— WHAT TO WORK ON —
Each entry should be transcribed exactly as written, and any picture left out.

##### SUPPLIED RECORDS #####

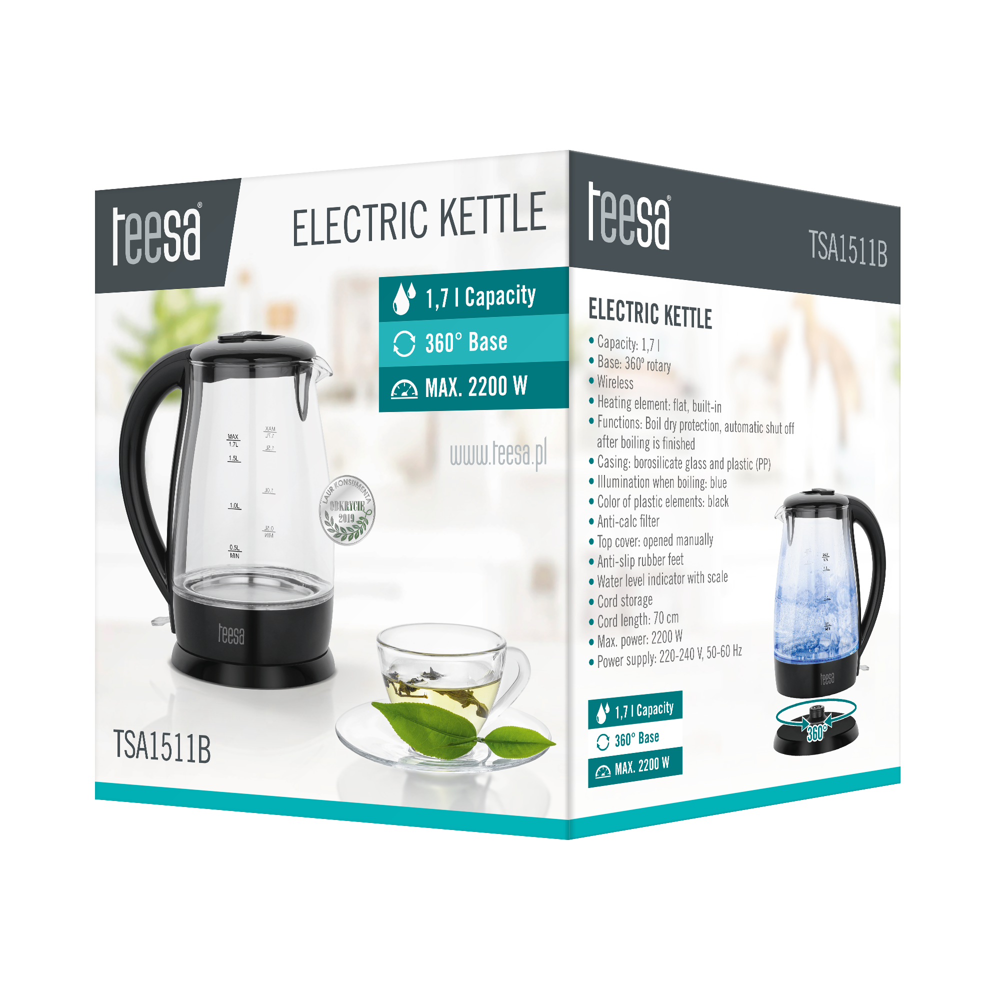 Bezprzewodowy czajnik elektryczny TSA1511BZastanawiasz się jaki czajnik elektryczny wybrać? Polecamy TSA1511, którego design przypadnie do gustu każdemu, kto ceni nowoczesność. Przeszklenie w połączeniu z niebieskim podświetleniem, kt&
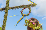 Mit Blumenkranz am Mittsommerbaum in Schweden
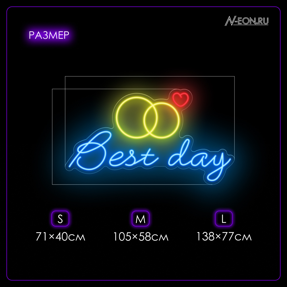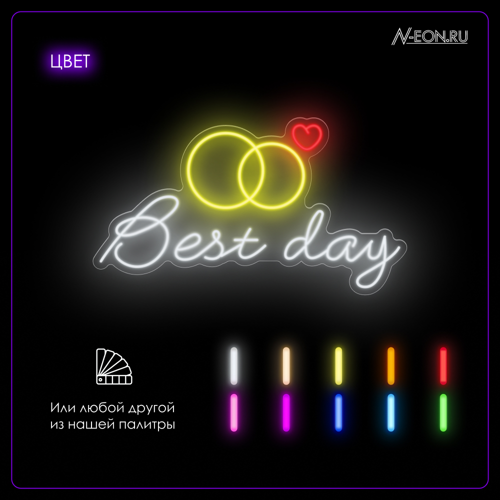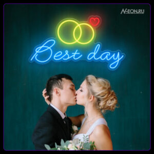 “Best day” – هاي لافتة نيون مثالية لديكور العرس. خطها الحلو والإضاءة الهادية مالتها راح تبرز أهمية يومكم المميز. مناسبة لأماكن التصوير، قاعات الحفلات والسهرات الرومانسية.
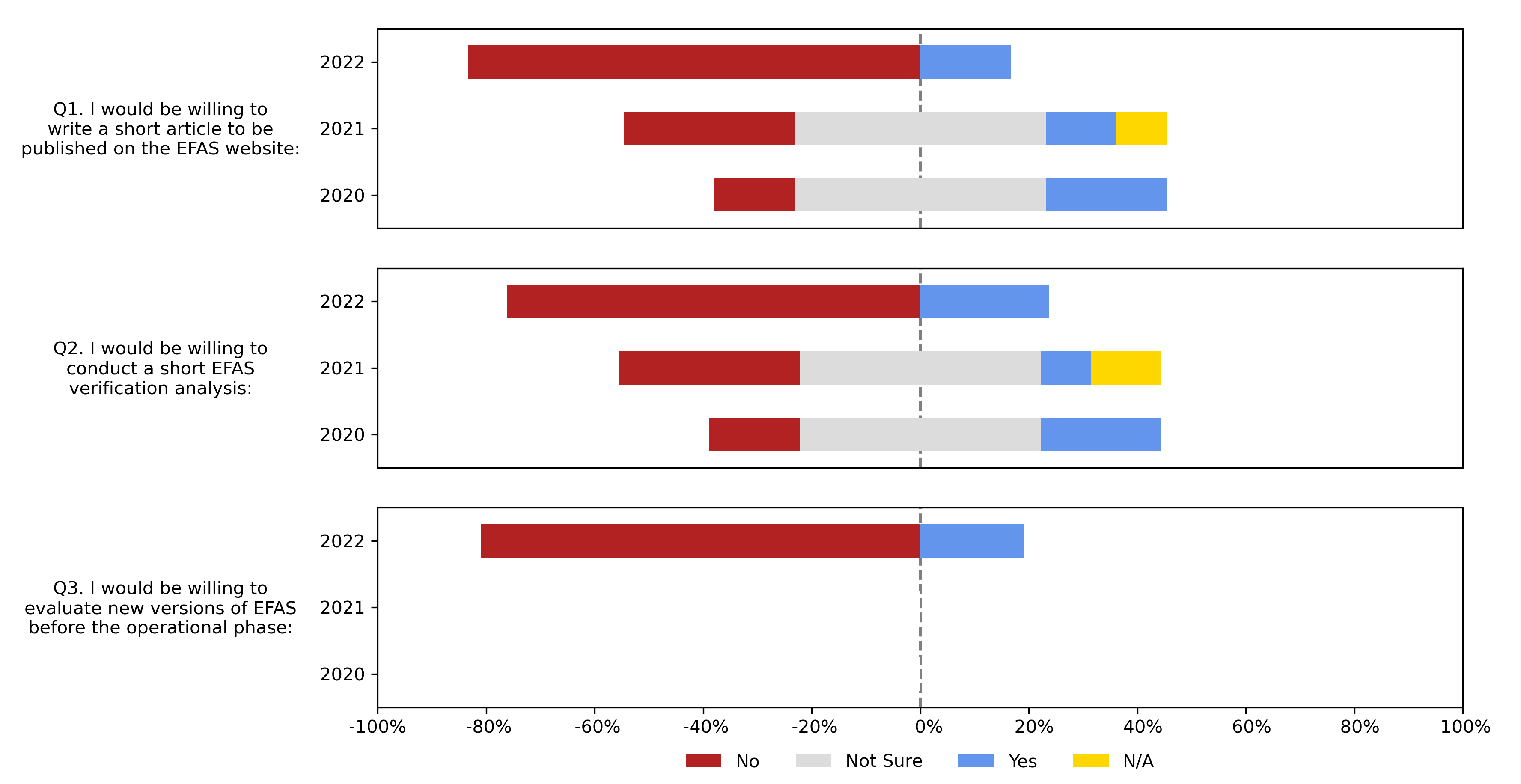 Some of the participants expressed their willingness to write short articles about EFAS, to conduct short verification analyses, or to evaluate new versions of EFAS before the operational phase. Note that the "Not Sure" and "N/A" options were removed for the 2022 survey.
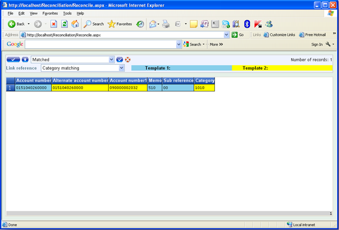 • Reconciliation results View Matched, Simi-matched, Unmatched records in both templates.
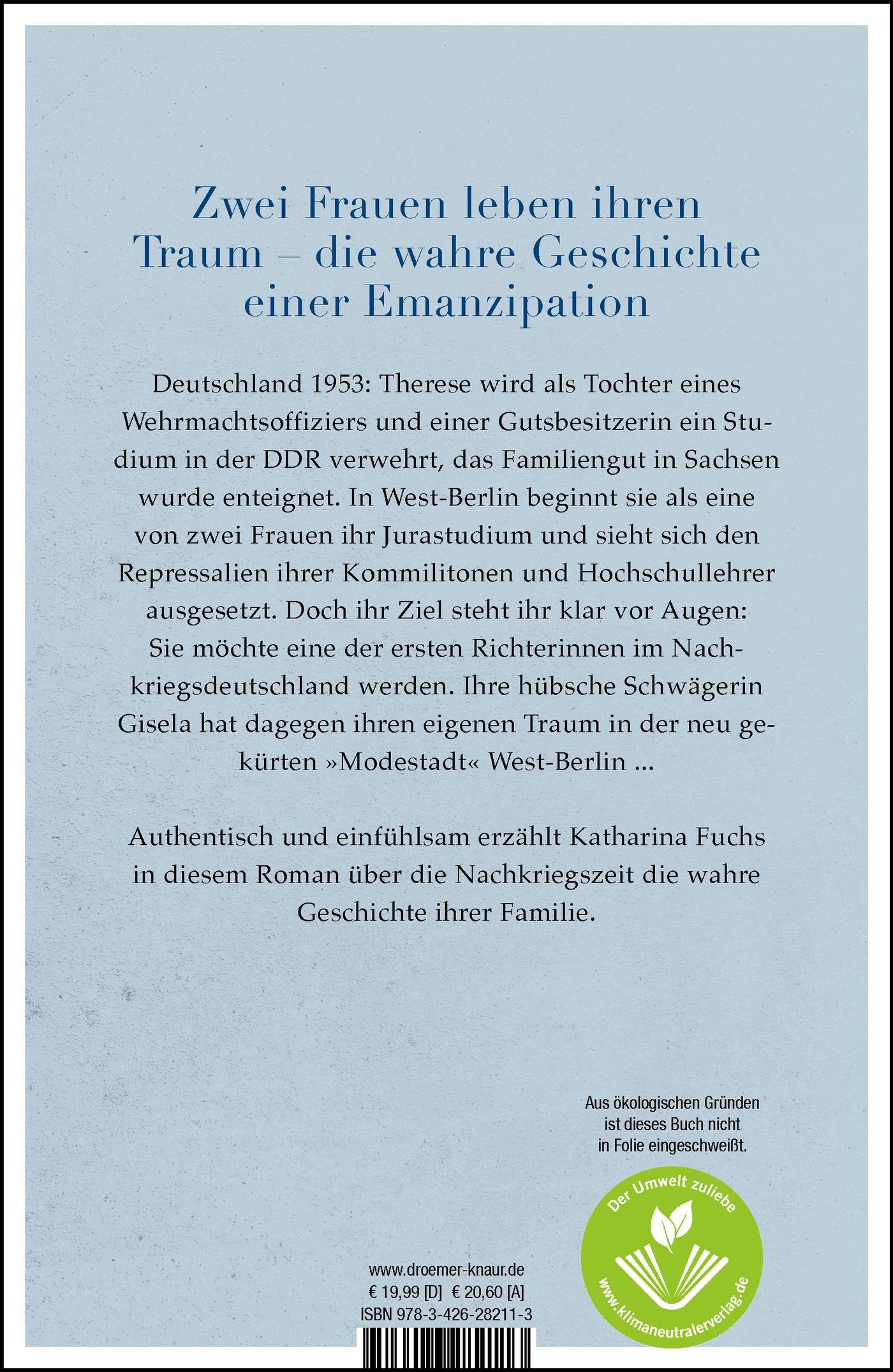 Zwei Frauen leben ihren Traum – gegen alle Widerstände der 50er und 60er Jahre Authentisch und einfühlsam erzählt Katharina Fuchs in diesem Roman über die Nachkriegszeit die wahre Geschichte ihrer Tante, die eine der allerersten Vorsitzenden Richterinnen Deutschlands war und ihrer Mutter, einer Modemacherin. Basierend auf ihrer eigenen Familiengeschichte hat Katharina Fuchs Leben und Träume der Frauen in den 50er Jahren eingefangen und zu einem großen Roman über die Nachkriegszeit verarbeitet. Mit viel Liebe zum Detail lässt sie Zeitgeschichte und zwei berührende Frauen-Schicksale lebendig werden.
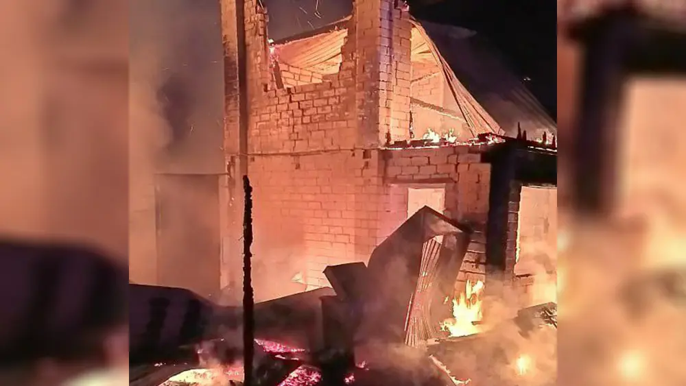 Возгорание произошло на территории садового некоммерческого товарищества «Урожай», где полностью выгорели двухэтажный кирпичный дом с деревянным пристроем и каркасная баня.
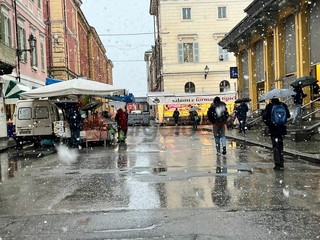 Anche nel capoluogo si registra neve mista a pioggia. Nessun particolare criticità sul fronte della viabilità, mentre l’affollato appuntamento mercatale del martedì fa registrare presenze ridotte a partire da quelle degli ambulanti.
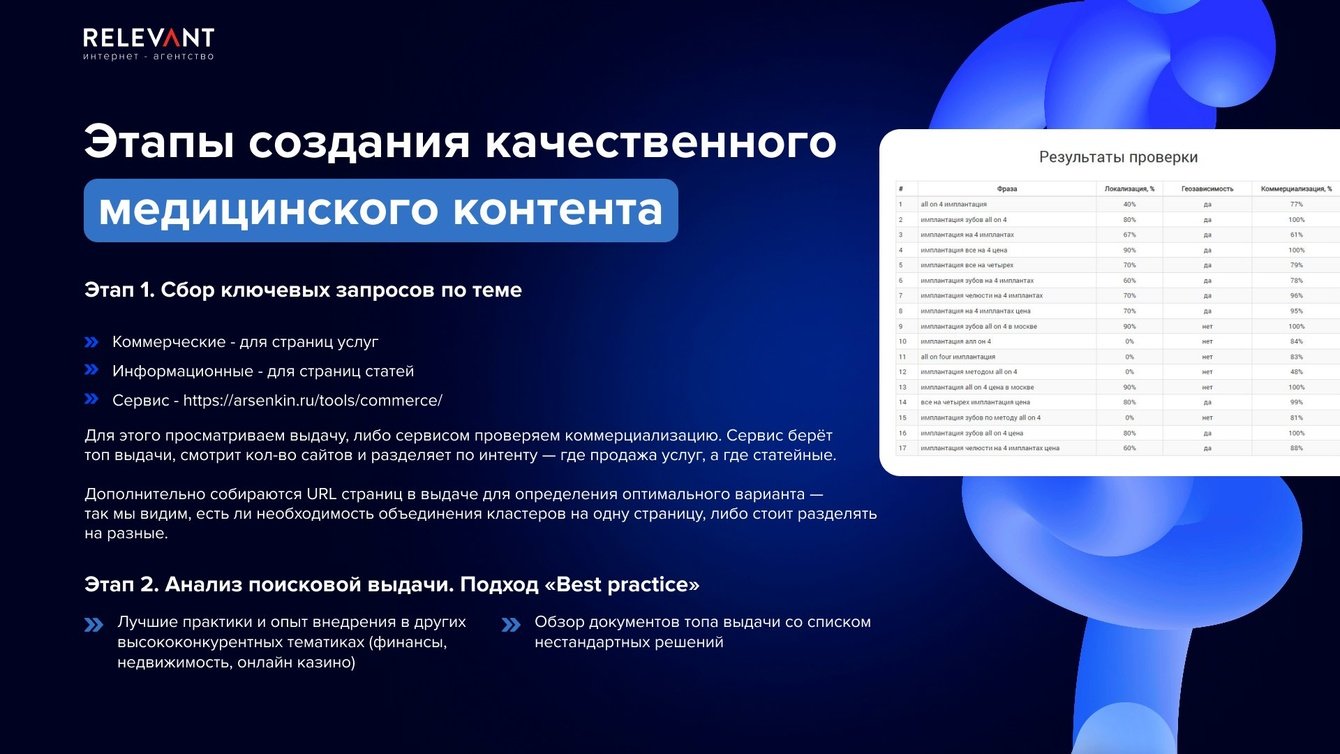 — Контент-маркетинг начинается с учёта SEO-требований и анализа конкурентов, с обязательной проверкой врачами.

#####

— ANSWER BELOW —
 Bezprzewodowy czajnik elektryczny TSA1511BZastanawiasz się jaki czajnik elektryczny wybrać? Polecamy TSA1511, którego design przypadnie do gustu każdemu, kto ceni nowoczesność. Przeszklenie w połączeniu z niebieskim podświetleniem, kt&
 Mit Blumenkranz am Mittsommerbaum in Schweden
 “Best day” – هاي لافتة نيون مثالية لديكور العرس. خطها الحلو والإضاءة الهادية مالتها راح تبرز أهمية يومكم المميز. مناسبة لأماكن التصوير، قاعات الحفلات والسهرات الرومانسية.
 Some of the participants expressed their willingness to write short articles about EFAS, to conduct short verification analyses, or to evaluate new versions of EFAS before the operational phase. Note that the "Not Sure" and "N/A" options were removed for the 2022 survey.
 • Reconciliation results View Matched, Simi-matched, Unmatched records in both templates.
 Zwei Frauen leben ihren Traum – gegen alle Widerstände der 50er und 60er Jahre Authentisch und einfühlsam erzählt Katharina Fuchs in diesem Roman über die Nachkriegszeit die wahre Geschichte ihrer Tante, die eine der allerersten Vorsitzenden Richterinnen Deutschlands war und ihrer Mutter, einer Modemacherin. Basierend auf ihrer eigenen Familiengeschichte hat Katharina Fuchs Leben und Träume der Frauen in den 50er Jahren eingefangen und zu einem großen Roman über die Nachkriegszeit verarbeitet. Mit viel Liebe zum Detail lässt sie Zeitgeschichte und zwei berührende Frauen-Schicksale lebendig werden.
 Возгорание произошло на территории садового некоммерческого товарищества «Урожай», где полностью выгорели двухэтажный кирпичный дом с деревянным пристроем и каркасная баня.
 Anche nel capoluogo si registra neve mista a pioggia. Nessun particolare criticità sul fronte della viabilità, mentre l’affollato appuntamento mercatale del martedì fa registrare presenze ridotte a partire da quelle degli ambulanti.
 — Контент-маркетинг начинается с учёта SEO-требований и анализа конкурентов, с обязательной проверкой врачами.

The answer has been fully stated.